3D rendering. I vaguely remember reading in the 3D rendering applications thread that the M1 Ultra is faster than the Nvidia RTX 3090 in rendering the Moana Island scene because the scene is so big that it doesn't fit on the Nvidia GPU.

I'm sure someone else can fill in with more details and even find the benchmark results.
It was in the redshift forum but as far as I remember he also said it looked odd.

I am not sure if he ever got it to render correct and what the time was.
 
  • Like
Reactions: Xiao_Xi
Potentially AI generating images.
12gb vram maxes out at about 1200x1200.
M1 version of 'stable diffusion' uses about 25-30gb of ram for 1000x1000, so not sure how that works.
Depends probably on model and inputs used, because I've seen it go to 60gb+.

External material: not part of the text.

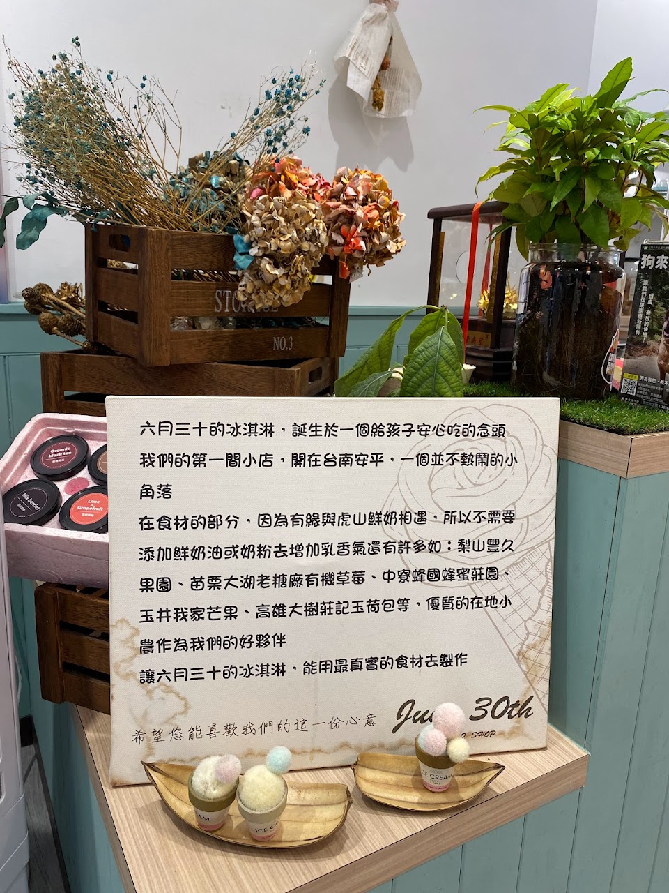 ?這次要跟大家分享的店是從台南開上來台北的冰淇淋,除了造型超吸睛之外,聽說店名也是藏有小故事的,六月三十是老闆兒子的生日,好有紀念價值的一家店!使用的材料也都是經過老闆層層把關,讓寶貝還有客人能吃得健康又美味~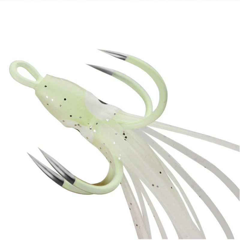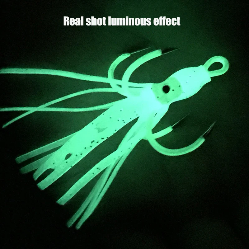 1 шт. светящаяся искусственная наживка для юбки кальмара, Мягкая наживка для троллинга, наживка для юбки, наживка для морской рыбы, светящаяся в темноте, 4 крючка

Most people will use it as 'normal' RAM.
Visual effects industry eats it up like it's nothing.
Either for caching timeline playback, or rendering.
 
  • Like
Reactions: singhs.apps
For amateur personal usage, I have been able to hit around 22GB of VRAM on my 16" M1 Max MBP.

So I'm pretty sure that someone can easily hit 128gb+ VRAM if they do some serious work with these machines.
 
For amateur personal usage, I have been able to hit around 22GB of VRAM on my 16" M1 Max MBP.

So I'm pretty sure that someone can easily hit 128gb+ VRAM if they do some serious work with these machines.
Probably it also depends on your scene optimization. I had one with 18 GB made it fit in the 12 GB by reducing textures and some geometry. Nobody will notice if you reduce one in the background from 8 or 4 k to 1k or even 512 in some cases.

I will say a lot of VRAM will make is easier as you can be less careful and get away with badly optimized scenes.
 
Potentially AI generating images.
12gb vram maxes out at about 1200x1200.
M1 version of 'stable diffusion' uses about 25-30gb of ram for 1000x1000, so not sure how that works.
Depends probably on model and inputs used, because I've seen it go to 60gb+.

Have you actually tried > 512x512 on Apple Silicon? People on 128GB M1 Ultra and 64GB M1 Max are reporting hitting a limit of 512x512.

https://news.ycombinator.com/item?id=32678664#32681077
 
Have you actually tried > 512x512 on Apple Silicon? People on 128GB M1 Ultra and 64GB M1 Max are reporting hitting a limit of 512x512.

https://news.ycombinator.com/item?id=32678664#32681077
At 1024x1024 I get noise, but it works with 960x960.
Using about 38gb of RAM on Ultra 128GB.

This was the output when using 'apple tree'
000373.765601371.png
 
Today, the M1 Ultra can have up to 128GB of video memory. This is unheard of and only possible because of unified memory architecture.

If there is an M2 "Extreme", then it could possibly have up to 384GB of video RAM (96GB * 4). This is 304GB more than Nvidia's upcoming H100 enterprise GPU.

Given this incredible advantage, what sorts of applications can take advantage of this? Are there any professionals who are using all 128GB of the Studio today? Are there applications that are bottlenecked by the amount of video memory found in discrete GPUs?
That 128 GB is shared between the CPU and GPU. I don't know the details of how UMA works, but wouldn't that mean the effective amount available to the GPU could be significantly less than than that? [Well, with UMA, I suppose technically all of it is available to the GPU, so perhaps I should have said "available for GPU tasks".]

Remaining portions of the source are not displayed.